The project will also launch community reporting workshops and town halls, a partnership with Free Press. “It is centered on community support, but also community involvement,” says Yarbrough. “We are involving our readers in every aspect of the project.”
Donations to the fund are tax-deductible and can be made online at givebutter.com/lmf-qnotescarolinas. For more information about the project, go to qnotescarolinas.org.
qnotes has been involved in the Charlotte Journalism Collaborative since its launch, adding an LGBTQ perspective to the affordable housing conversation. A second grant of $15,000 from Solutions Journalism Network (SJN) will now help the organization increase opportunities for Black LGBTQ journalists.
The project is part of SJN’s Economic Mobility initiative. According to its Medium page, The Whole Story, “The goal is to catalyze reporting that looks at both the systemic causes of poverty and potential solutions that are worth sharing.”
While amplifying the voices of more communities in North Carolina, the qnotes project will also uncover responses that can impact the lives of Charlotte residents. A 2014 study by Harvard University researchers ranked Charlotte last for economic mobility among the 50 largest U.S. metro areas. The study also found that low economic mobility disproportionately affects people of color. For instance, a Black child growing up in a low-income home can expect a household income of $21,599 a year at age 34. A white child can expect $34,256.
Multiple reports show that Black LGBTQ people face even starker disparities in economic security and upward mobility, and these have only been heightened by the COVID-19 pandemic. According to a recent call for journalists by qnotes, “This urgent problem has created the prevalence of increased research and the launch of innovative responses by grassroots organizations, policy makers and communities to improve outcomes for a community that is at the intersection of two marginalized identities.”

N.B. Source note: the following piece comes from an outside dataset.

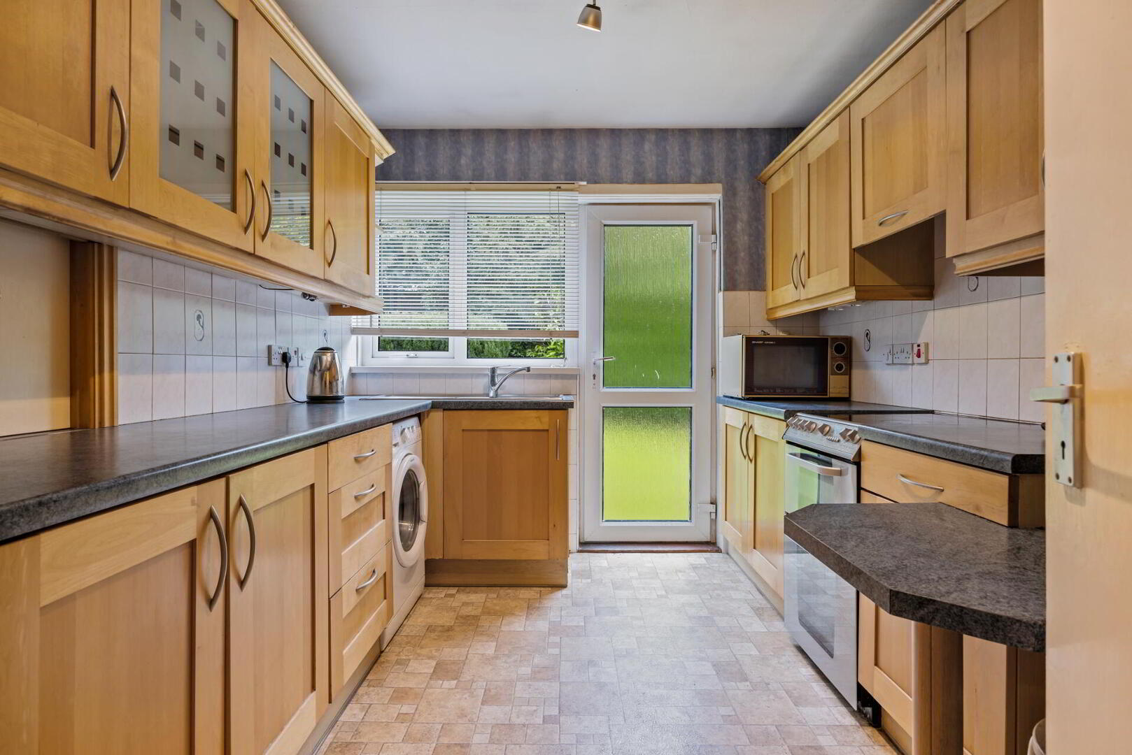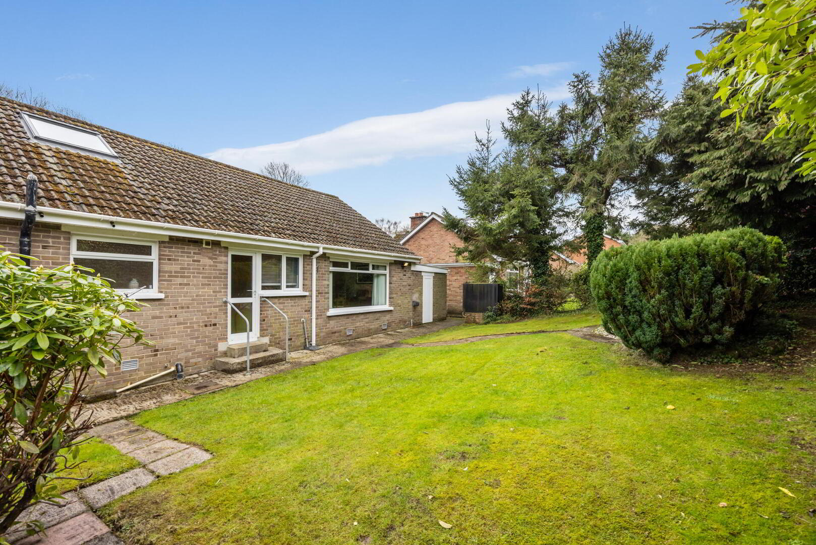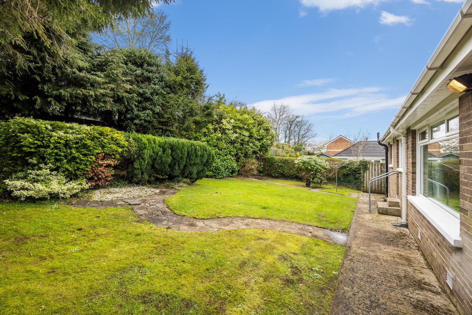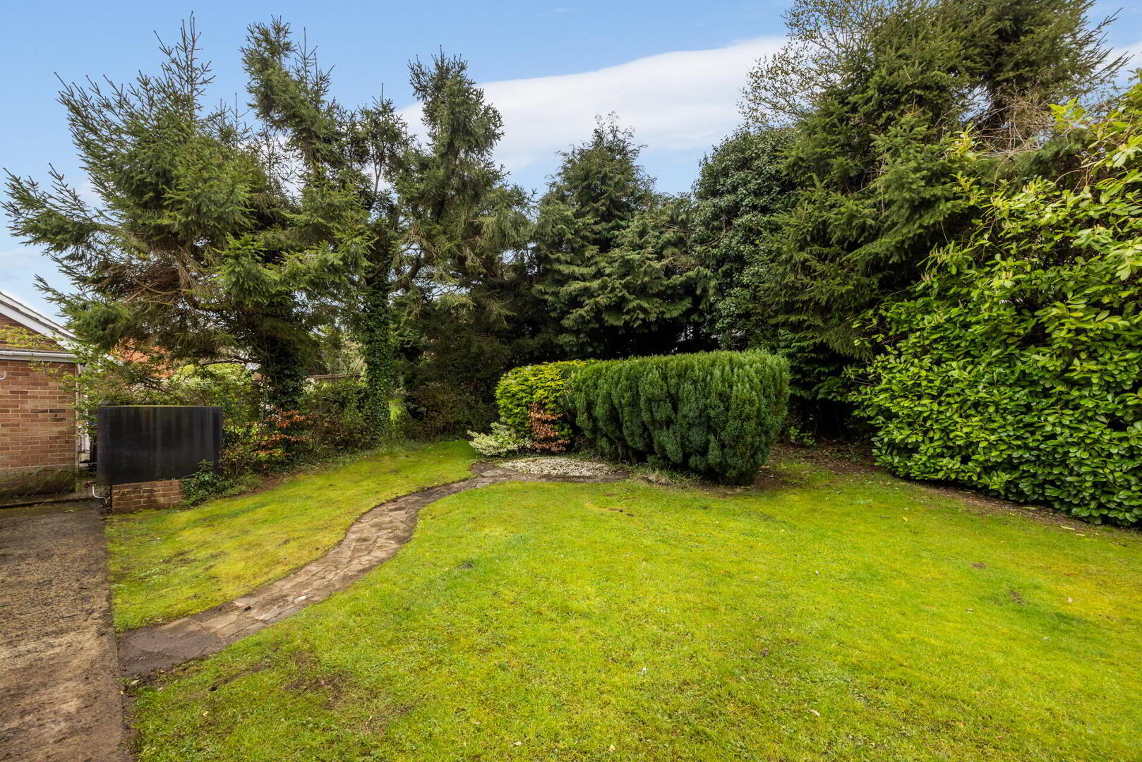 OUTSIDE Front garden in lawns with boundary fence and hedges, tarmac driveway with parking leading to attached garage. Private rear garden in lawns with mature boundary planting and trees.
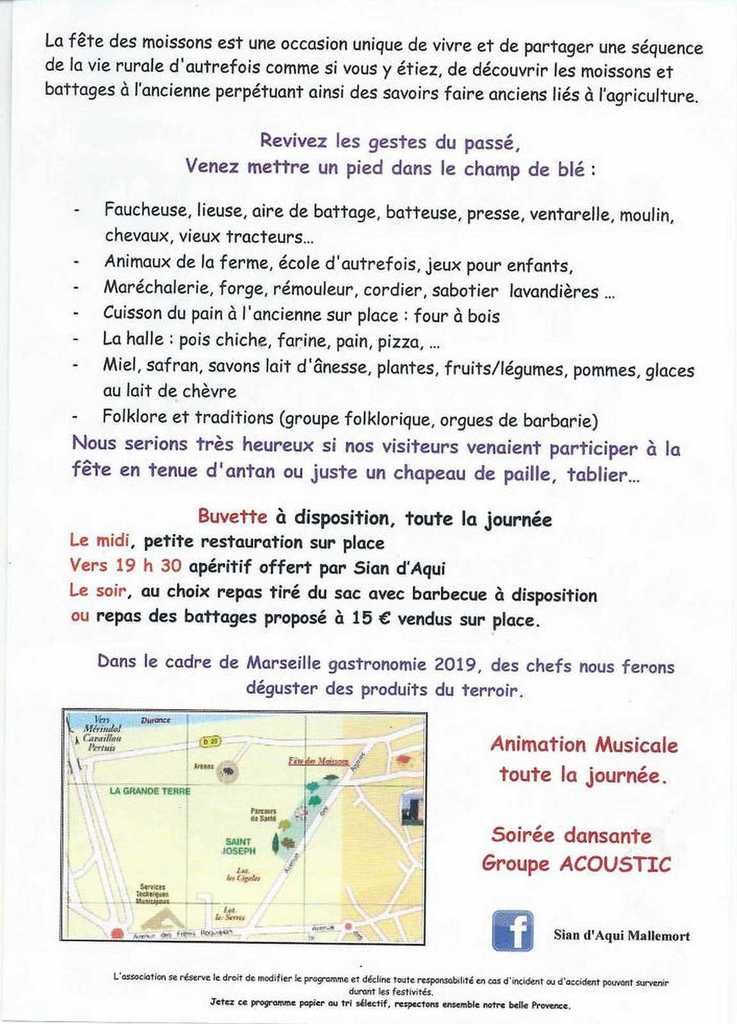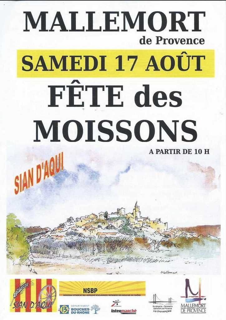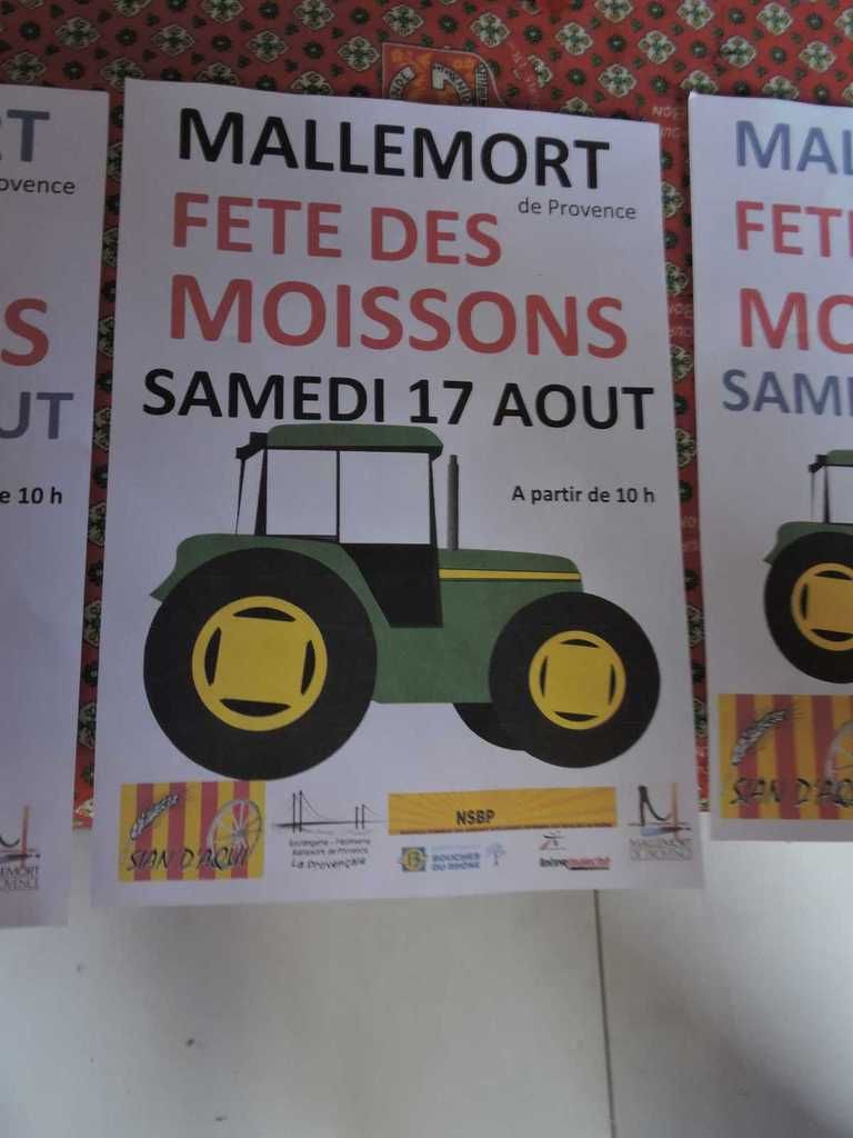 Bon soyons sérieux, la Fête des Moissons 2019 aura lieu le 17 Août à Mallemort, avec comme d'habitude des dizaines de stands autour des moissons, mais aussi des nombreux jeux pour les enfants, et puis buvettes et restaurations assurées pour finir le soir par un concert gratuit assuré par le groupe Acoustic

qnotes is seeking Black LGBTQ and allied writers to work on the project and multimedia journalists are encouraged to submit proposals. Stories should focus on rigorous investigation and reporting of regional and national responses, including their limitations, and how those solutions may impact decision-making in the Charlotte area. Stories should also include the experiences of Black LGBTQ people living in North Carolina, telling their real-life experiences while seeking to better understand the limitations that exist to overcoming structural racism and discrimination.
Writers, photographers and videographers who are interested in being a part of the project should email publisher@goqnotes.com.
“Both of these projects are helping us better serve the local community, but we need the support of people who can do so to secure the future of LGBTQ press in the Carolinas,” says Yarbrough, “Whether it be $5 or more, every amount helps us tell these stories, keep people informed and further foster that sense of community that supports us all.”